スゲの帽子を手にほほ笑む福田さん(左)と茂古沼さん=さんちょんぴん蔵

スゲの帽子を手にほほ笑む福田さん(左)と茂古沼さん=さんちょんぴん蔵

富山県 高岡・氷見・射水 特産

スゲ編み込み帽子製作 「福岡の菅笠」講座の2人

北日本新聞(2018年1月26日)

 高岡市の「越中福岡の菅笠(すげがさ)製作技術保存会」が開いている後継者育成講座の生徒2人が、スゲを編み込んで帽子を製作している。城山孝会長(83)は「地域で育まれてきた伝統の維持につながればうれしい」と話している。

 帽子を作っているのは、高岡市野村の茂古沼(もこで)真知子さん(61)と富山市婦中町希望ケ丘の福田恵子さん(60)で、ともに4年前から後継者育成講座で笠縫いを習っている。これまでにハットやハンチングなど10種類を製作した。スゲ自体に撥水(はっすい)性があるため雨に強いのが特徴。通気性にも優れているため、夏でも快適に過ごせるという。

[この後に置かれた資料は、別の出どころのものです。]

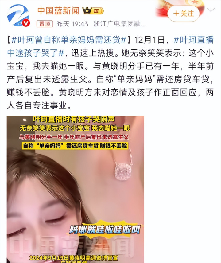 可最近几次直播带货,叶柯又改口,孩子现在是她一个人的,和黄晓明早就没关系了。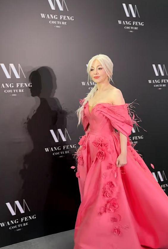 穿上玫粉色露肩蓬蓬礼服裙,完全没有扮嫩的感觉,只剩下灵动和娇俏,彰显出她不惧怕衰老的态度,让人不得不佩服。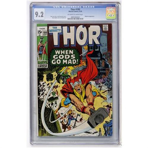 <B>Thor #180 (Marvel, 1970) CGC NM- 9.2 Off-white to white pages.</B></I> Mephisto appearance. John Buscema cover. Neal Adams and Joe Sinnott art. Overstreet 2007 NM- 9.2 value = $60. CGC census 3/08: 6 in 9.2, 14 higher. <I> From the Furfferi Collection.</B></I><BR><BR><b>Shipping:</b> Comics - Slabbed (certified) (<a target="_blank" href="http://www.heritageauctions.com/common/shipping.php">view shipping information</a>)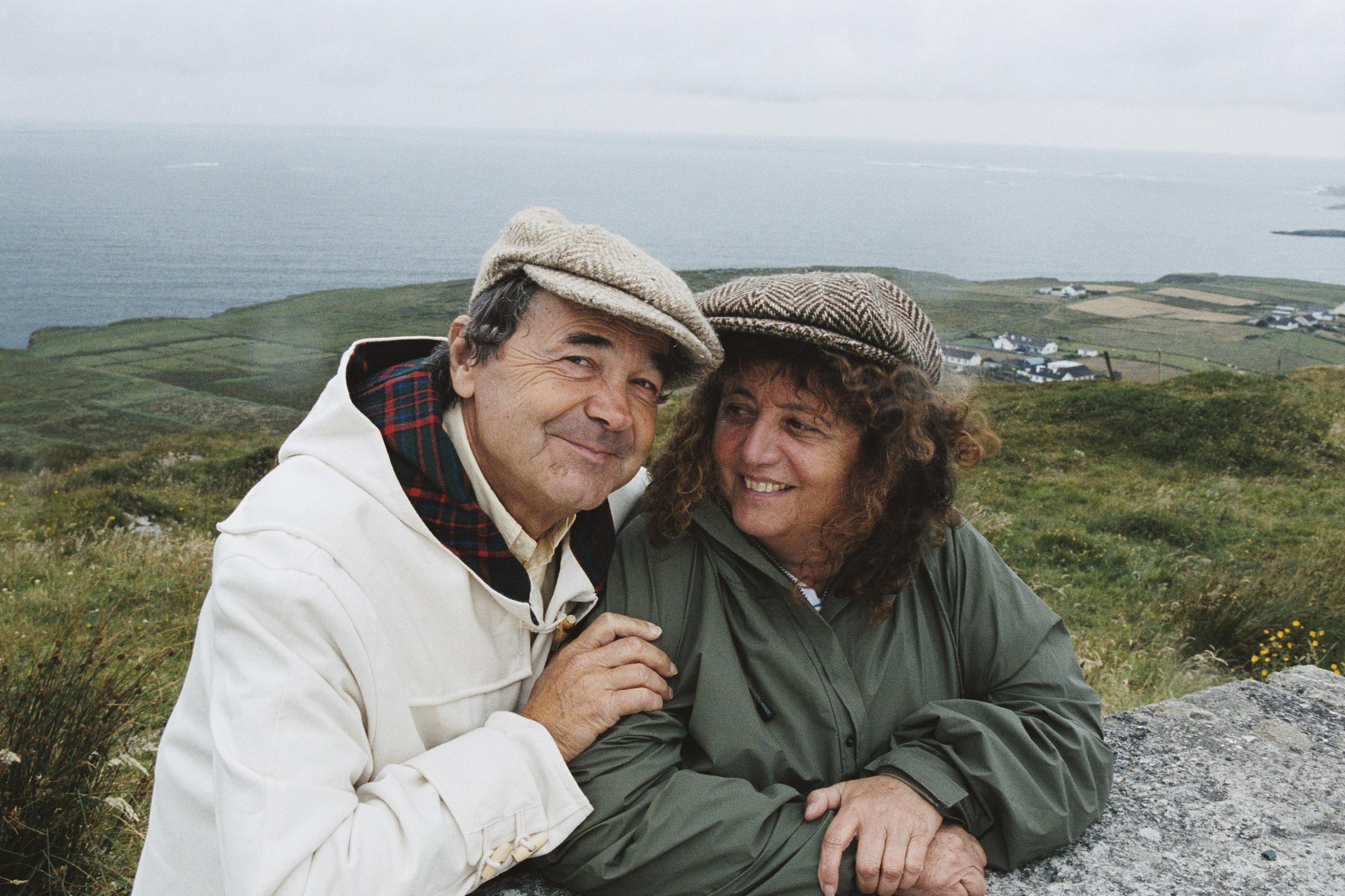 Le chanteur français Pierre Perret avec son épouse Rebecca lors de leur voyage dans le Connemara I Source : Getty Images

 高岡市福岡町福岡の観光交流施設「さんちょんぴん蔵(くら)」で販売しているほか、友人から注文を受け、オーダーメードで仕上げることもある。2人は「歴史ある菅笠作りに携わることができるのが喜び。福岡地域の活性化に貢献したい」と言う。

 福岡地域の菅笠は昨年11月に国の伝統的工芸品に指定された。関係者は菅笠製作を産業として成り立たせようと知恵を絞っている。越中福岡の菅笠振興会の高田哲会長(72)は「新商品を開発する人が増え、スゲの可能性をどんどん広げてほしい」と語った。

 講座は2014年から高岡市役所福岡庁舎で開かれており、笠縫いと笠骨づくりの2コースがある。本年度は両コース合わせて46人が登録。旧福岡町以外の高岡市や砺波市、富山市などからの参加が多いという。